How to measure your jump height & peak power

There are devices out there like jump mats or a vertex which measure your jump height but you can simply use  a wall.  Stand sideways agaisnt the wall and make a mark on it by reaching as high as you can without getting up on your toes.  Next perform a stationary jump where you are only allowed to bend your legs and jump. Measure the distance between the highest mark you can make and your reach height in order to calculate your vertical jump height.

Once you know your jump height weight yourself and put these numbers into the following equation known as the Harman formula.

Peak power (W) = (61.9 x jump height (cm)) + (36.0 x body mass (kg)) + 1,822

*Take note that weight is in centimeters and body mass is in kilograms – the world of science operates with the metric system.

**Take your body weight in pounds (lbs) and divide it by 2.2 to get your weight in kilograms (kg).

***Take your jump height in inches (in) and multiply by 2.54 to get your jump height in centimeters (cm).

Geeky Details

All of the numbers from the “Pro” players came from a study that got their numbers from the Tigers, Rangers, Mets and Reds organization – reference 2.  In case you actually check out this study you will see that the peak power numbers are different from what they listed.  I calculated the peak power based off the mean average of the weight and jump heights while the actual authors were able to calculate the individual peak power for each athlete then determine the mean average of the group.  Their numbers were actually higher.
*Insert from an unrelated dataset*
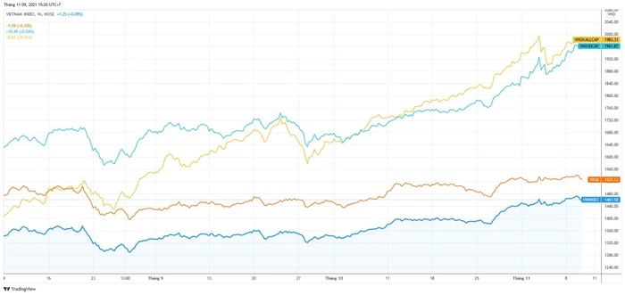 Nhìn lại 3 tháng qua, chỉ số VN30-Index gần như đi ngang nhưng chỉ số VNMID-Index và VNSML-Index lại bứt tốc. Điều này có thể dễ dàng thấy được khi nhìn vào khoảng giữa 8/2021, chỉ số VN30-Index và VNSML-Index bằng điểm nhau nhưng đến phiên 9/11, chỉ số VN30-Index chỉ ở mức 1.527,13 điểm còn VNSML-Index đã lên đến 1.961,87 điểm.

The stats from the NCAA, NAIA and High School players came from reference 3.


  2. EFFECT OF AGE ON ANTHROPOMETRIC AND PHYSICAL PERFORMANCE MEASURES IN PROFESSIONAL BASEBALL PLAYERS.  Gerald T. Mangine, Jay R. Hoffman, Maren S. Fragala, Jose Vazquez, Matthew C. Krause, Javair Gillett, Napoleon Pichardo.
  3. Baseball Athletic Test: A Baseball-Specific Test Battery.  Frank J. Spaniol, EdD, CSCS*D


  1. jeff kallman

    jumping , twists and weighted sand tube hip snaps) I find to be the things that our pitchers do that is different from others around our town. Before we even start drills for mechanics- we do kareoki with emphasis on dominant hip to snap, then we do left to right s over a ditch, followed by jumping using plant foot for distance and heighth, followed by a trash can jump with blocks for every jump cleared we add a block. After that we do twists- left foot only twist, then right foot, then a left right combo, followed by a 360 twists- the goal of each is to achieve as many rotations as you can before landing. example on 360 twists the maximum rotations that have been achieved are 2.2 rotations- what you find is those that have that type of rotation tend to have higher velo than the others of the same age. and it creates a little compettion amongst the boys as well. we are big believers in jumping here. I have 4th graders throwing in the mid 50’s, 5th graderes in mid upper 60’s, 8th graders in mid 70’s, 9th graders in high 70’s and low 80’s , soph in high 80’s etc. without arm, shoulder issues becasue it is all focused on lower body with proper arm mechanics and timing. A+ legs with C- arm in the later innings is what we say. so I like your work. it gives me confidence to keep doing what we are doing. Thanks

    • Graeme Lehman

      These are all great ideas. I have also been doing some of these types of 360 jumps which my youngers guys like doing. I think that the combination of these types of “special” strength drills coupled with a great foundation of traditional strength are what really makes the difference. I know of some gyms that just focus on one or the other and as a result don’t get the desired results.

      Keep up the good work.
      Graeme Lehman

  2. Brendan

    Hi Graeme,
    I just read the post about jumping ability and strength. So what would you recommend for z baseball player? Anything different than your recommendations on the “accelerate the game” post? (Squats, Deadlifts, Bulgarian Split Squats, RDL’s and Hip Thrusts)

    • Graeme Lehman

      These exercises are the foundation for building a better vertical leap. Once appropriate levels of strength are in place the use of plyometrics can add inches to an athletes vertical jump.